Rusty, poster-covered, on an unlovely section of Parisian road outside La Santé prison, this construction isn't much competition for Notre Dame or the Eiffel Tower! However, it does have its own interest: it's the city's last vespasienne urinal.
These public conveniences (albeit for the benefit of a male public only) really were named for the Roman emperor. Vespasian had been credited with introducing public toilets to Rome (and then imposed a urine tax!). Public urinals have since been known as vespasiani in Italy, and the name travelled to France.
While public urination was forbidden in Paris, the lack of alternatives meant it was rife in practice. Police chief Antoine de Sartine introduced 'barrels of relief' in 1770, although it would be over sixty years before screened urinals were added to the city by its prefect, the comte de Rambuteau. His political opponents dubbed these 470 conveniences 'Rambuteau columns': he responded by calling them 'Vespasian columns'. The latter name stuck.
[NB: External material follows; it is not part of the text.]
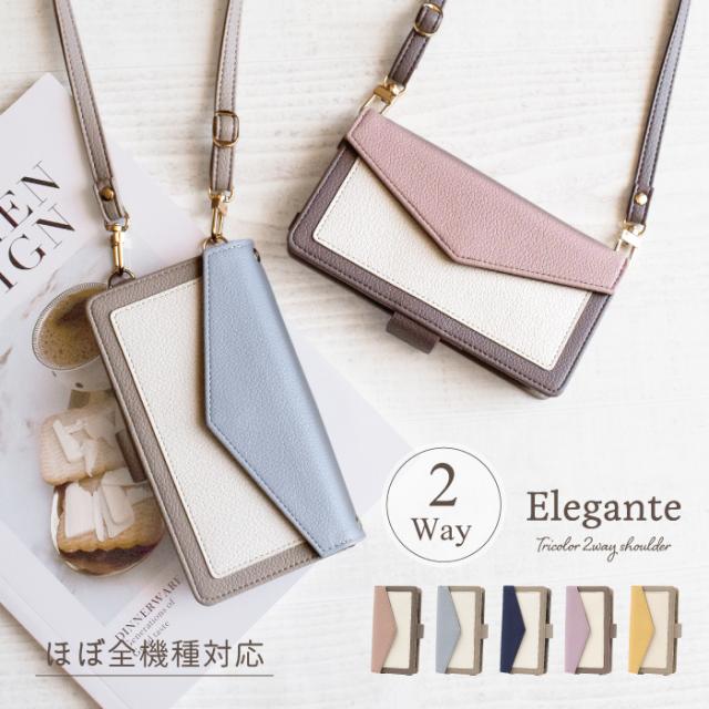 公式 Elegante スマホケース 手帳型 スマホケース 全機種対応 iPhone17 16e 16 15 14 13 se xperia10 1 5 vi v AQUOS sense9 8 7 wish4 pixel 9a 8a トリコロール ショルダー

By the early twentieth century, there were more than a thousand urinals in Paris, but their days were numbered. In 1961, the municipal council voted for gradual removal of the vespasiennes and since 1980 their place has been taken by sanisettes, automated toilet cubicles which finally provide relief to all who need it.
There doesn't seem to be any information on why this sole example survived. Whatever the reason, it has taken on a historical interest its users in earlier decades would not have expected. And it's a rather good example, with some nice details in its cast iron panels.